More recently, it showed that genuine spending cuts were the right way to respond to the 2008 crisis (notwithstanding Paul Krugman’s bizarre attempt to imply that the 2008 recession was somehow caused by 2009 spending cuts).

This doesn’t mean Estonia is perfect. It is ranked #22 by Economic Freedom of the World, which is a respectable score, but that puts them not only behind the United States (#12), but also behind Switzerland (#4), Finland (#10), the United Kingdom (#12), Ireland (#14), and Denmark (#19).

And you can see from the chart that Estonia’s overall score has dropped slightly since 2006.

But I don’t believe in making the perfect the enemy of the good. Estonia is still a reasonably good role model for reform, particularly for nations that emerged from decades of communist enslavement.

You can see how good policy makes a difference, for instance, by comparing Estonia with Croatia (#70). At the time of the breakup of the Soviet Empire, living standards in Croatia were low, but they were about twice as high as they were in Estonia. Today, though, per-capita economic output in Estonia is about $4000 higher than in Croatia.
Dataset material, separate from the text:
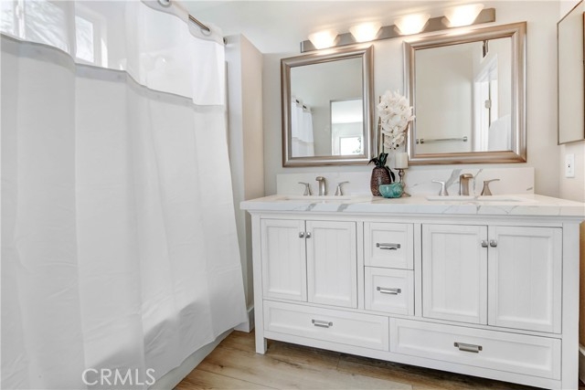 Must see this fully remodeled detached home with a view located in the Brittany community of Foothill Ranch. On the edge of the community backing up to a beautiful avocado tree farm and undeveloped space, this peaceful and serene location is sure to impress. Remodeled from top to bottom, the home is move-in ready and ready to enjoy. The wonderfully remodeled kitchen features white shaker style cabinets with soft close doors and drawers, quartz countertops, stainless steel appliances, and a breakfast bar. Waterproof luxury vinyl plank flooring installed throughout the home. Both bedrooms have attached bathrooms with new vanities, quartz counters, and designer fixtures. A spacious loft area connects the two bedrooms and has an area for a television. The larger master bedroom features a walk in closet, beautifully remodeled bathroom, soaker tub, ocean & beautiful views out the window. The backyard is very spacious and includes a built in barbeque, grass lawn, planter areas with drip system and drought tolerant plants.

That’s a dramatic turnaround and it shows that markets are much better for people than statism. Sort of like the lesson we learn by comparing Poland (#48) and Ukraine (#122).
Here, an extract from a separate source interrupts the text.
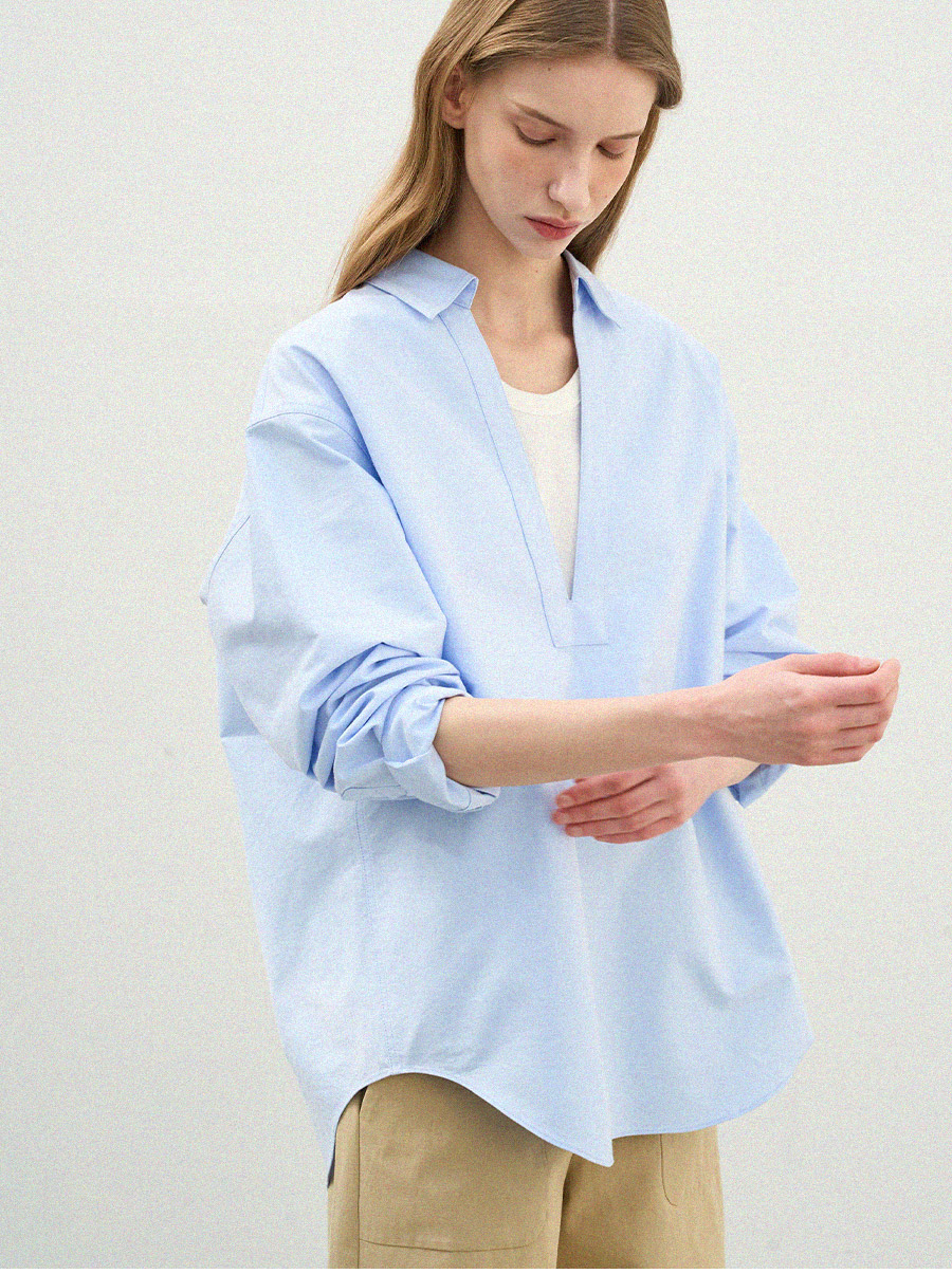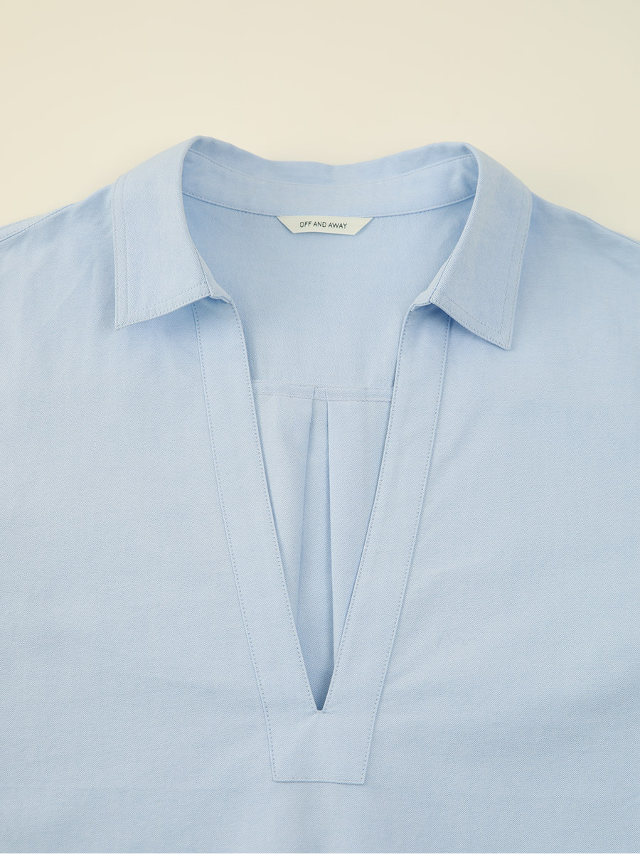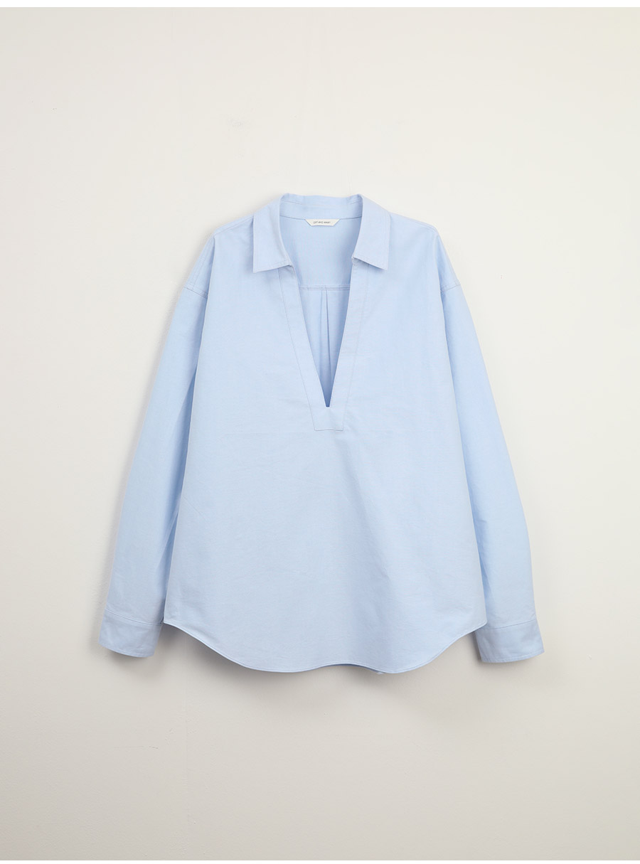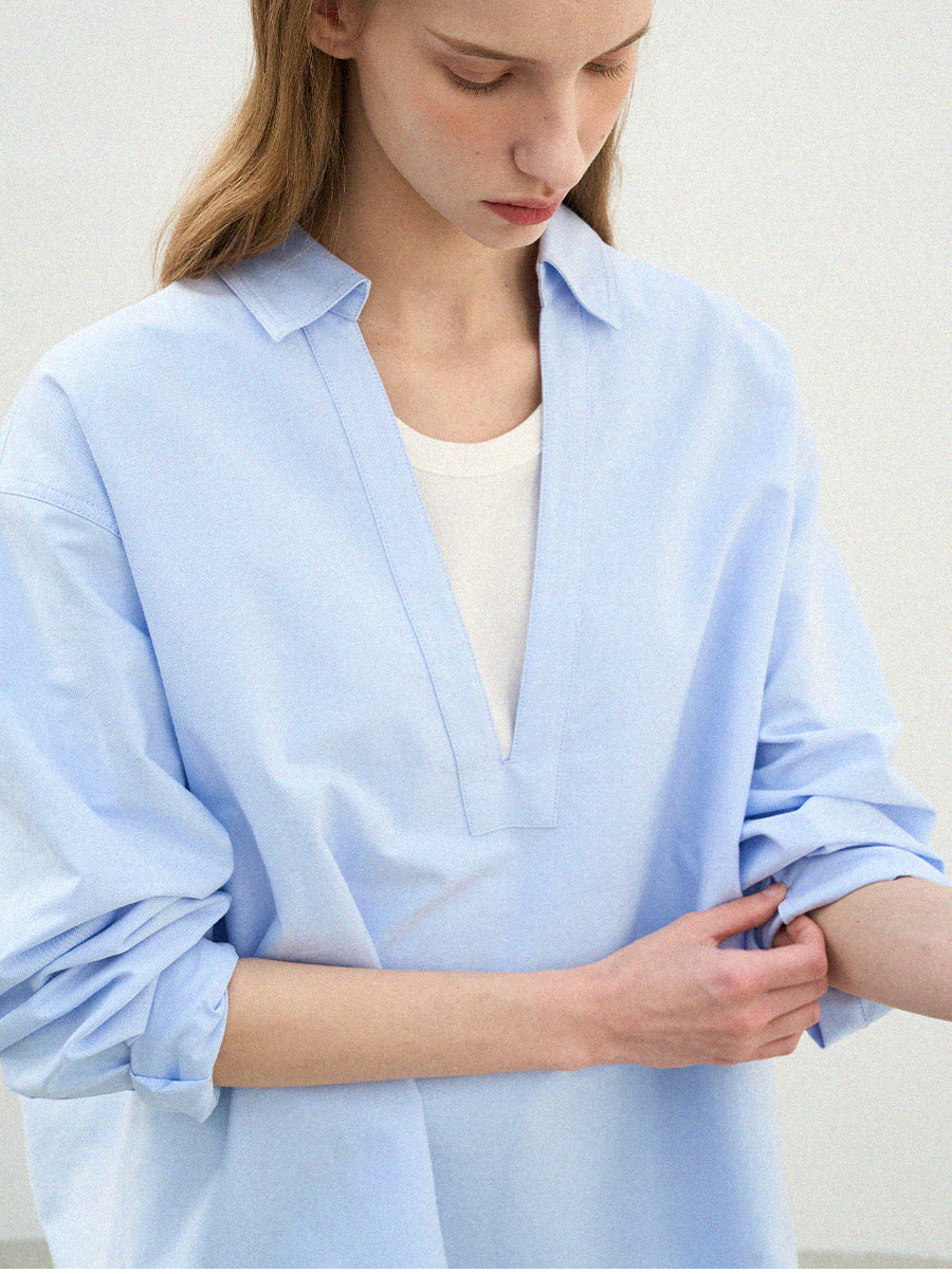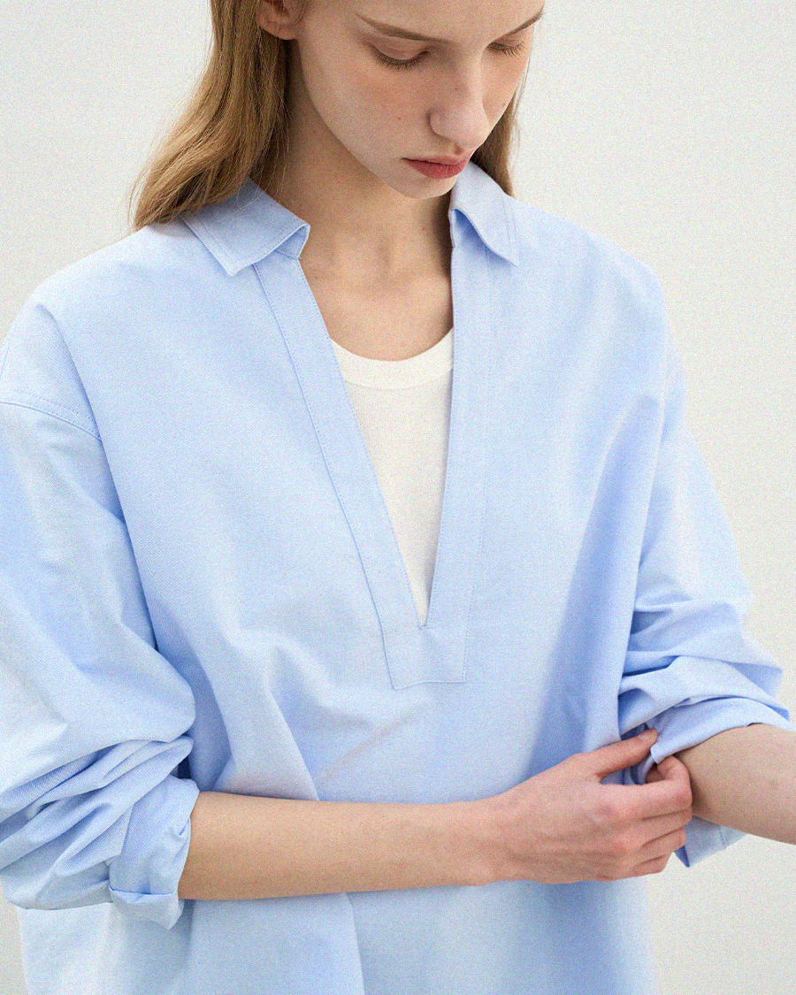 - 클래식한 옥스퍼드 원단에 브이넥 디자인을 더해 답답함 없이 세련된 인상을 보여줍니다

Let’s now take a closer look at one of the policies that has helped Estonia prosper. The flat tax was first adopted in 1994 and the rate was 26 percent. Since then, the rate has been gradually reduced and is now 20 percent.

For some people, the most amazing aspect of the Estonian flat tax is its simplicity, as noted by Kyle Pomerleau of the Tax Foundation.

Republican Presidential hopeful Jeb Bush claimed that it only takes 5 minutes to file taxes in Estonia. This claim was confirmed by a number of reporters and tax authorities in Estonia. For those of us that do our taxes by hand, this sounds like a dream. Depending on your situation, filing your taxes can tax a significant amount of time and due to the numerous steps involved (especially if you are claiming credits) may lead some to make errors. According to the IRS, it takes an average taxpayer with no business income 8 hours to fill out their 1040 and otherwise comply with the individual income tax. Triple that for those with business income.

For those keeping score, this means Estonia is kicking America’s derriere.

But Kyle is even more impressed by other features of the Estonian system.

…that it is not the best part of the Estonian tax code. The best part of the Estonian tax code has more to do with its tax base (what it taxes) rather than how fast people can pay their taxes. Specifically, the Estonian tax code has a fully-integrated individual and corporate income tax. This means that corporate income is taxed only once either at the entity level or at the individual level.

And this means Estonia’s flat tax is far better for growth than America’s system, which suffers from pervasive and destructive double taxation.

In total, the tax rate on corporate income is 20 percent in Estonia. Compare this to the integrated tax rate on corporate profits of 56 percent in the United States. Even more, this tax system provides de facto full expensing for capital investments because the corporate tax is only levied on the cash distributed to shareholders, which is also a significant boon to investment and economic growth.

Wow. No double taxation and expensing of business investment.

There is a lot to admire about Estonia’s sensible approach to business taxation.

Particularly when compared to America’s masochistic corporate income tax, which ranks below even the Greek, Italian, and Mexican systems.

Having the world’s highest statutory corporate tax rate is part of the problem. But as Kyle pointed out, the problem is actually far worse when you calculate how the internal revenue code imposes extra layers of tax on business income.

That’s why, at a recent tax reform event at the Heritage Foundation, I tried to emphasize why it’s economically misguided to have a tax bias against saving and investment.

The bottom line is that high taxes on capital ultimately lead to lower wages for workers.